Most plant lincRNAs only conserved within genus indicating rapid turnover in evolution

Sequence conservation provides insight into evolutionary process of functional elements in genome. However, most lncRNAs in plants were found with poor conservation, including the lncRNAs whose functions were well studied [37, 38]. In this study, we attempted to explore the evolution of lncRNAs in plants by analyzing the conservation of lncRNAs with two methods. First, we evaluated the sequence conservation using PhastCons score [39]. PhastCons score was calculated based on the result of seven-way whole genomic alignment for A. thaliana, A. lyrata, soybean, rice, poplar, tomato and S. moellendorffii. We compared the sequence conservation of lincRNAs, lncNATs, CDS of coding genes, 5’UTR and 3’UTR of coding genes, and used sequences from intergenic regions as control. As expected, CDS exhibited the highest sequence conservation, while the intergenic sequence was the lowest (Fig. 4A). Considering that lncNATs and coding genes shared some common sequences, they showed similar sequence conservation (Fig. 4A, Additional file 4: Fig. S4A). The conservation of lincRNAs, however, was lower than 5’UTR, 3’UTR and introns of coding genes (Fig. 4A). The proportion of plant lincRNAs with PhastCons scores higher than 0.6 was only 0.2%, and this number in coding genes was 14.4%. About 71% plant lincRNAs scored 0, indicating very low conservation (Additional file 4: Fig. S4B).

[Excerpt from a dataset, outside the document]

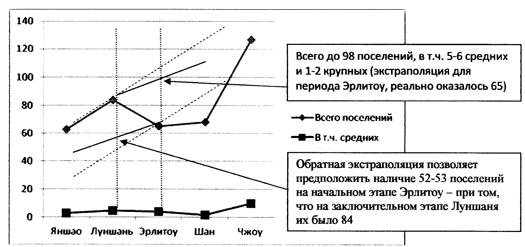 Данные по Эрлитоу учтены за всё время существования этого этапа, то есть упомянутые 77,38% – это максимум, достигнутый за всё время существования культуры Эрлитоу, поэтому логично будет предположить, что рост числа поселений этой культуры начинался с существенно меньшего их количества. Принимая темпы прироста населения (и, соответственно, темпы роста числа поселений) одинаковыми для Луншаня и Эрлитоу, получаем возможность провести обратную экстраполяцию, – разумеется, с корректировкой на вдвое меньшую продолжительность Эрлитоу, – что даёт нам ориентировочное количество в 52–53 поселения на начальном этапе становления Эрлитоу, это должно было привести со временем к созданию 65 реально существовавших в период Эрлитоу поселений (см.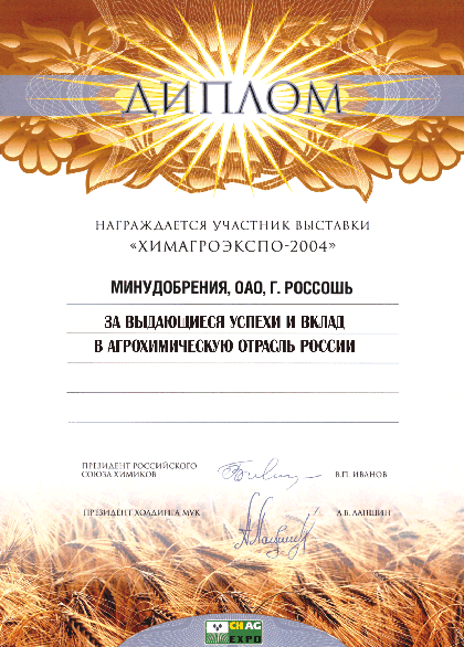 There was an International Specialized Exhibition of Agricultural Chemicalization “ChimAgroExpo-2004” in Sokolniki (Moscow) on the 10-13 of March. Minudobreniya JSC was awarded with the Diploma and Medal for Great Success and Contribution into the development of Russian Agricultre. |

In placental mammals, old (minimum age 90 Myr) and young lncRNAs (minimum age 25 Myr) were defined basing on the phylogenetic distribution of species, and they found the conservation of old lncRNAs were close to CDS, while young lncRNAs were even lower than intergenic regions [20]. In this study, we found plant lincRNAs showed similar conservation to intergenic sequences, and which suggested that most plant lincRNAs were young and with short evolutionary age (Fig. 4A, Additional file 4: Fig. S4A).

Fig. 4
figure 4

The conservation of lncRNAs in plant. A The PhastCons scores of coding genes (including CDS, 5’UTR, 3’UTR, and Intron), lncRNAs (lincRNA and lncNAT) and intergenic sequences. B, C Conserved lincRNAs and coding genes in each species. LincRNAs were aligned to genome of another species using blastn, while amino acid sequences of coding genes were aligned to another species’ amino acid sequences using blastp. The numbers of legend were the ratio of transcripts with homologous sequences in the genome of other species. The labels were abbreviations of each species. D The cumulative frequency of PhastCons scores in coding genes and lncRNAs. The lincRNA-patch meant a window (12 bp) sliding from the first base to the last one, and then the highest window score was selected to stand for the score of the lincRNA. E Highly conserved IPS motifs in all plant species in this study except algae. The marked sequences with orange and turquoise were regions combining to miRNA. F The phylogenetic relationships of terrestrial plant was constructed according to the nucleotide sequences of IPS using MEGA7 (https://www.megasoftware.net/)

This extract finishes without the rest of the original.